Since 2007, the Circle P has shifted its focus to the critical care/extreme abuse and neglect cases. We work closely with several Humane Societies and Sherriff Departments in many aspects as well as strive to provide education to the community on a multitude of animal care related platforms. We have also set up a community outreach program, Gracie's Program. Gracie’s Program is a community outreach service that utilizes education and other various resources to assist families in properly caring for or rehabilitating their personal animals in need, ending the immediate suffering/neglect and beginning the healing process, for both the family and animal, without relinquishing custody. Please contact us today if you or someone you know is in need of help.

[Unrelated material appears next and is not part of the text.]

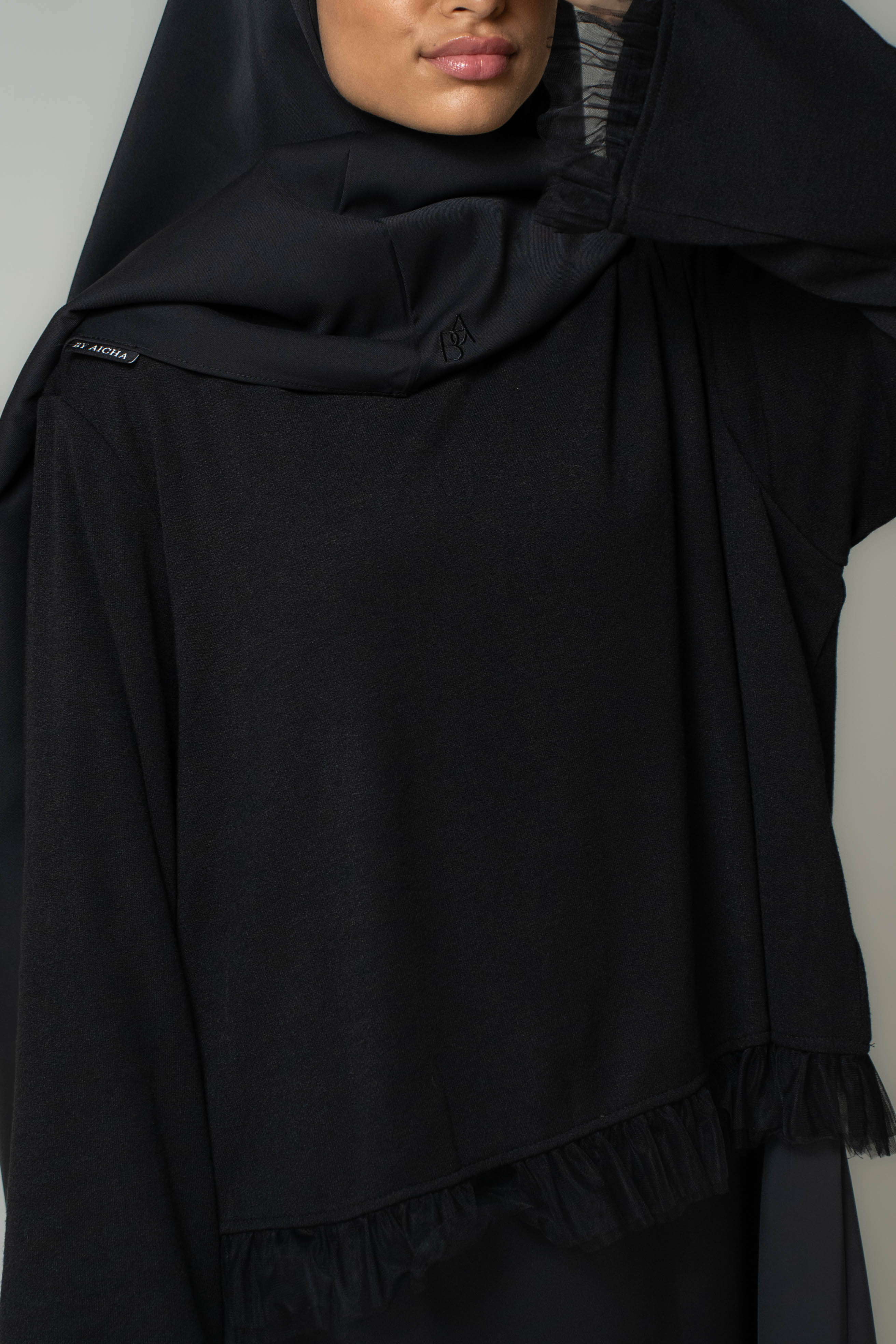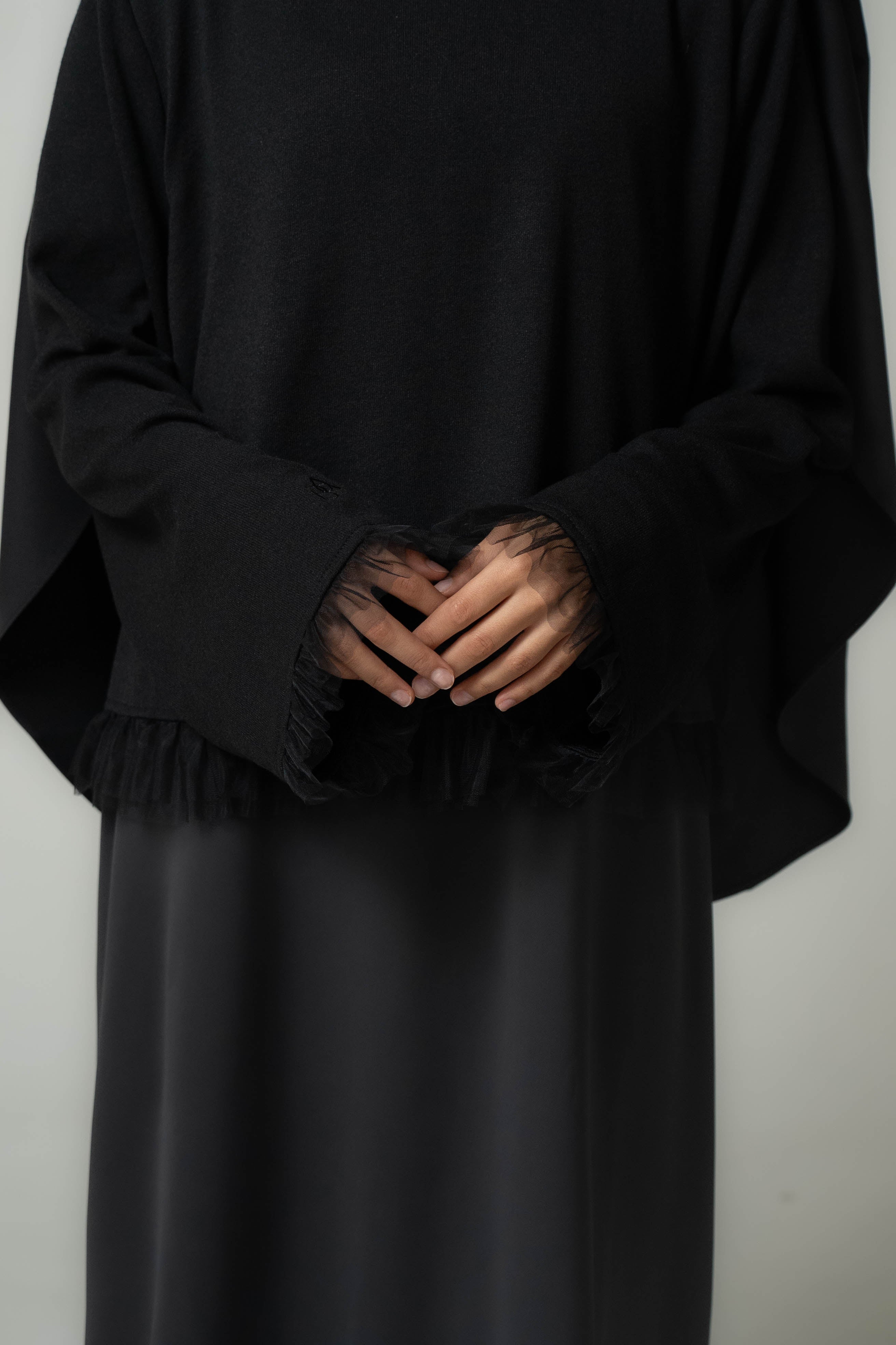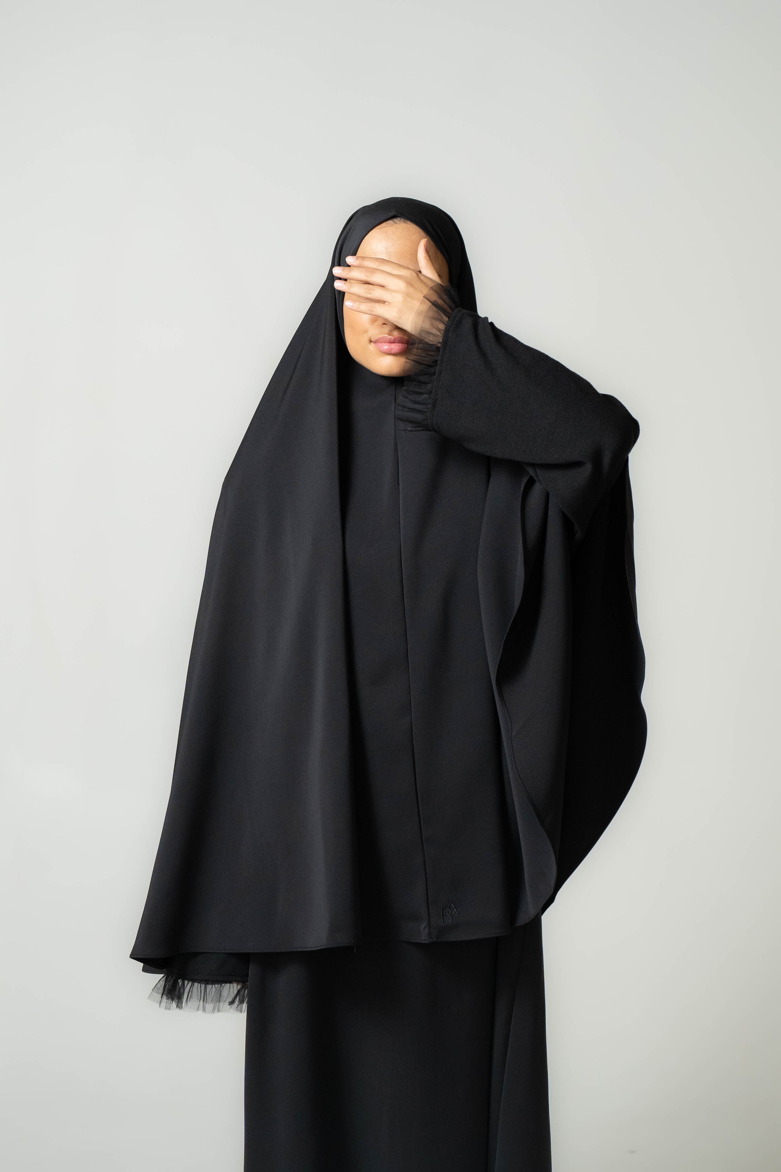 Sweater Mesh Abaya & Khimar Set: a bestseller from our previous Fall Collection! This unique piece combines a cozy sweater seamlessly attached to the abaya, so no separate items are needed.

Now, we need your support. All donations made to the Circle P Sanctuary, Inc. will go to the direct care of the animals and are tax deductible to the fullest extent of the law. The Sanctuary leases all land and facilities from the Circle P Ranch for the sum of $10.00 a year. The Ranch will continue to be responsible for all capital improvements made for the benefit of the Sanctuary. Philip and I do not receive any financial gain from the Sanctuary.
There are several ways you can help support our projects. First is a monetary donation which would be used to purchase feed, bedding, veterinary care and farrier care, etc. We are able to accept checks, money orders, as well as MasterCard, Visa and American Express. Second, we need volunteers to help fund raise and organize various charitable events as well as assist in the day to day chores. We could use equipment for the animals care. This would need to be coordinated so that we don't get more than necessary and also what works best for our set-up. The Circle P is also a verified participant in the Kroger Cares Charity Rewards program. Visit https://www.kroger.com/communityrewards and link your Kroger card to us, then just shop as normal and Kroger will donate a portion of what you normally spend back to us directly. The set up process takes minutes and after that you do not have to do anything else! It is an easy way to support a charity by just grocery shopping as you do anyways. Lastly, periodically check back on our website and Facebook page to see any seasonal fundraisers or events we may have going on at that time.
Thank You for taking the time to consider participating in our cause. We realize there is a great demand for your charitable dollars. Rest assured the animals at the Circle P Sanctuary, Inc. will benefit completely from your generosity.